The Katmerciler Hızır (/tr/) is a family of MRAP (Mine Resistant Ambush Protected) armoured personnel carriers designed and produced by Turkish company Katmerciler. Hızır is capable of carrying up to nine personnel and its various modifications can perform a wide variety of tasks, such as military personnel transportation, medical evacuation, engaging in armed combat, serving as a mobile command and control center or weapons carrier platform, conducting military reconnaissance and border patrol missions or providing CBRN defence. The name Hızır is the Turkish variant of Khidr, a mystical Islamic figure described in the Quran as a guardian that aids those in distress.

== Variants ==
The Ateş (/tr/; lit. "Flame"), Hızır's border patrol and reconnaissance variant, operated by Turkish Land Forces, is a Hızır 4x4 vehicle integrated with Aselsan's high-tech reconnaissance, surveillance systems and environmental monitoring radar. The Ateş variant was designed to meet border security requirements set up by the European Union-funded project to "Supply Mobile Surveillance Units for Increasing Border Surveillance Capacity of Borders between Turkey and EU", which contributed 27.6 million euros, or 75% of the project's cost. Ateş can carry out reconnaissance and surveillance missions in day and night conditions with a range of 40 km. It can carry up to six personnel, two of which are crew (driver and commander).
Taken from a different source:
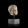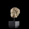 carved stone, depicted with curled locks and a full face, remnants of umber pigment remain, raised on a bespoke mount

The Hızır II (or Hızır 2) was unveiled at the İDEF defence expo in August 2021. It features a redesigned exterior, two side doors instead of Hızır I's four-door design, increased crew capacity (up to fourteen occupants compared to nine in Hızır I) due to new face-to-face seating configuration in the passenger compartment, rear ramp in place of previous model's swing door, larger fuel tank, extended operational range and improved air conditioning system.

== Operators ==

- TUR: 57 Hızır 4x4 Ateş border patrol variants operated by Turkish Land Forces
- URY: 1 Hızır 4x4 Ateş procured in October 2021 to be used by the Uruguay Mechanized Infantry Unit under the United Nations Disengagement Observer Force mission.
- GAM: 20 Hızır 4x4 MRAPs ordered to be operated by Gambia Armed Forces. Deliveries began in October 2022, with first few examples already accepted into service. Besides the 20 purchased vehicles the Turkish government donated 2 additional Hızır MRAPs to the Gambian Armed Forces in November 2022.
- RWA: Both Hızır MRAP and Ateş border patrol variants on order to be operated by Rwanda Defence Force.
- SEN: Hızır II variant in use, deliveries started in 2024.

=== Potential User ===
- UGA: While the sale was never officially announced, at least 15 such vehicles are rumored to be in possession of Uganda People's Defence Force after the company released a statement about exporting MRAPs to an unnamed "African customer" in July 2019 along with a photo of 15 Hızırs being loaded onto a ship, later followed by video emerging of at least a dozen Hızır 4x4 vehicles driving through the streets of Uganda in early 2021.

==Future operator==
- KEN: 118 Hızır 4x4 MRAPs ordered to be operated by Kenya Defence Forces.